Take the lines below from the one with "Velmi jednoduchá montáž" through the one with "ZOOM sprchové dveře 1400mm, čiré sklo ZL1314" and print only them, exactly. Don't print the pictures.

Records for this exercise:
--

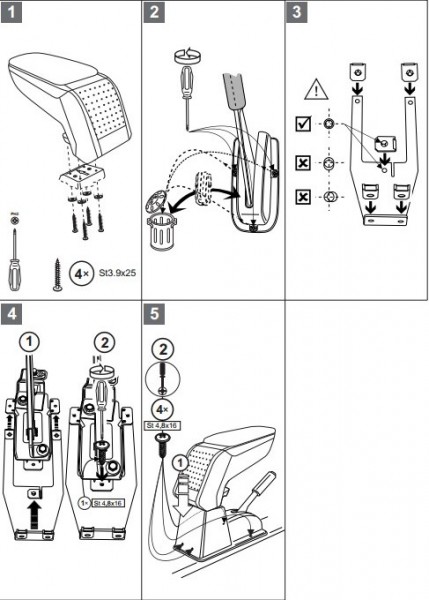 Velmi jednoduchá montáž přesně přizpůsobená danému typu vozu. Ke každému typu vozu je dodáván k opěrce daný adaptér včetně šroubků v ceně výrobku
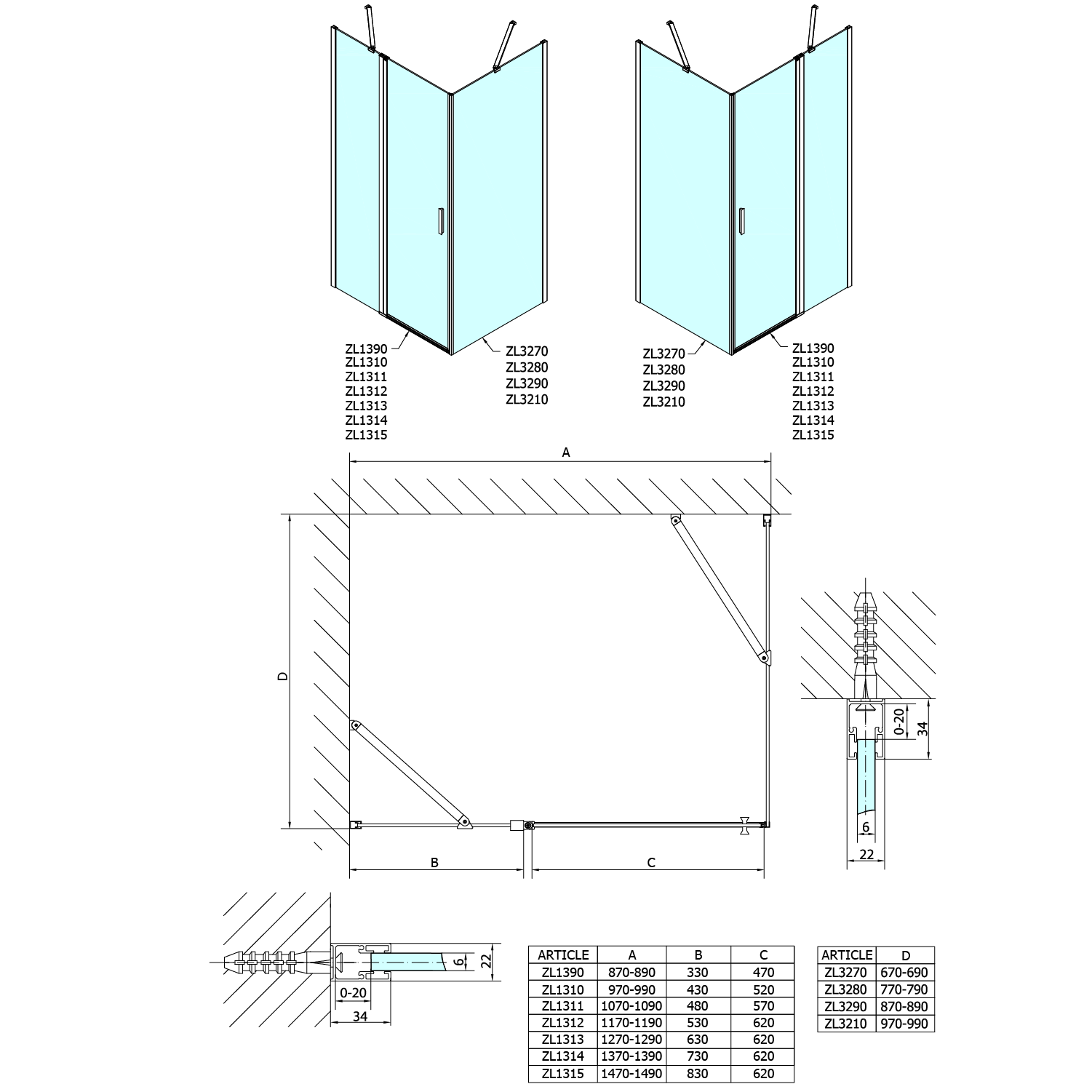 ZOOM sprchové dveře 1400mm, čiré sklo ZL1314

--

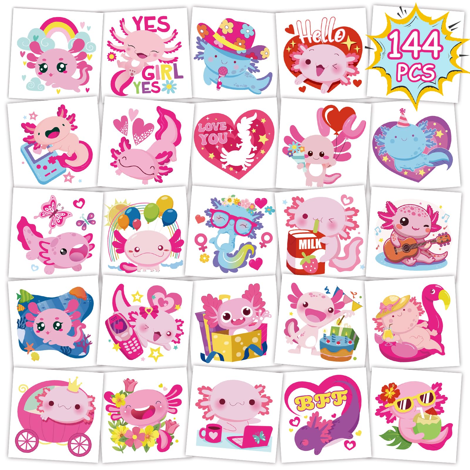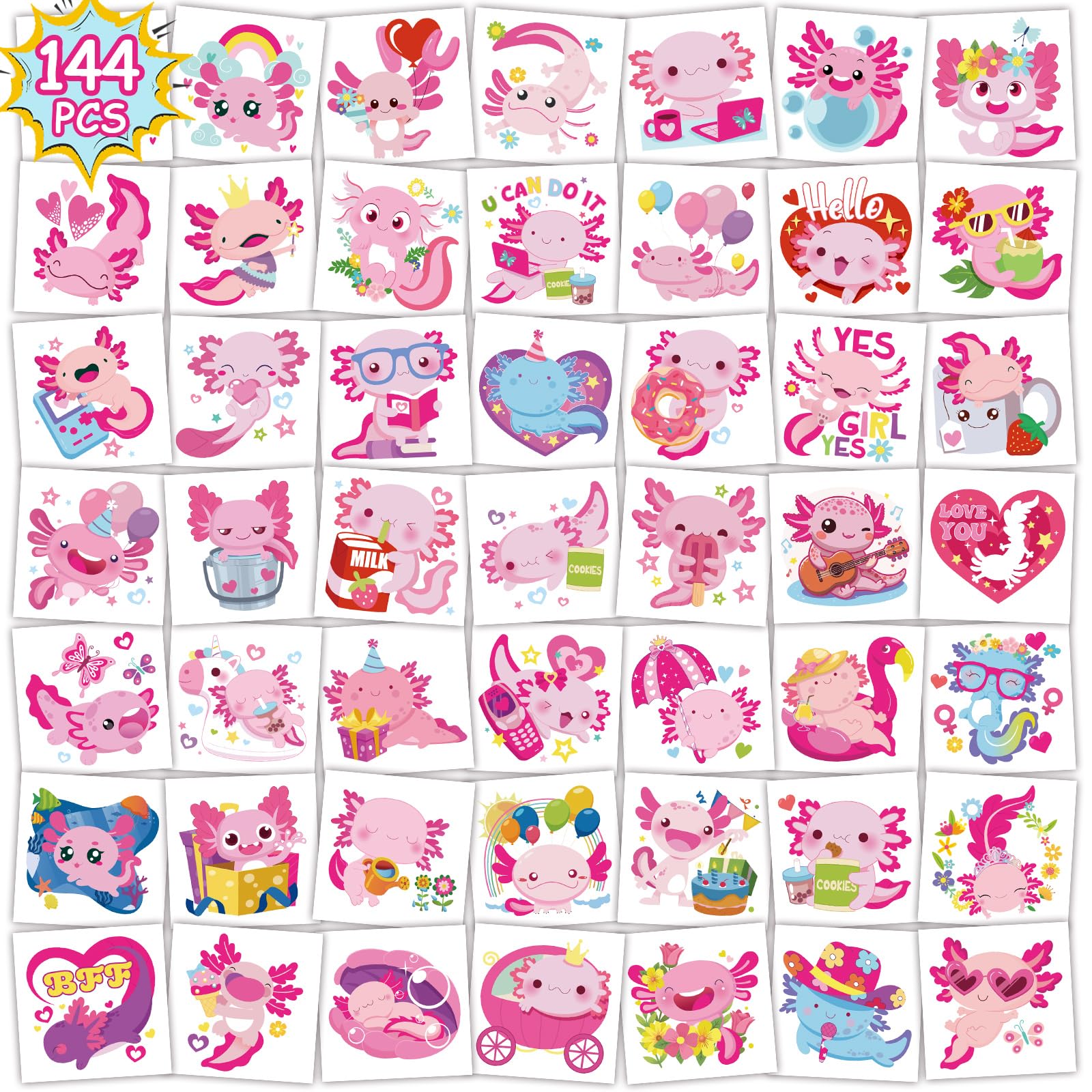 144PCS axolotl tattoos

--

Worked solution:
 Velmi jednoduchá montáž přesně přizpůsobená danému typu vozu. Ke každému typu vozu je dodáván k opěrce daný adaptér včetně šroubků v ceně výrobku
 ZOOM sprchové dveře 1400mm, čiré sklo ZL1314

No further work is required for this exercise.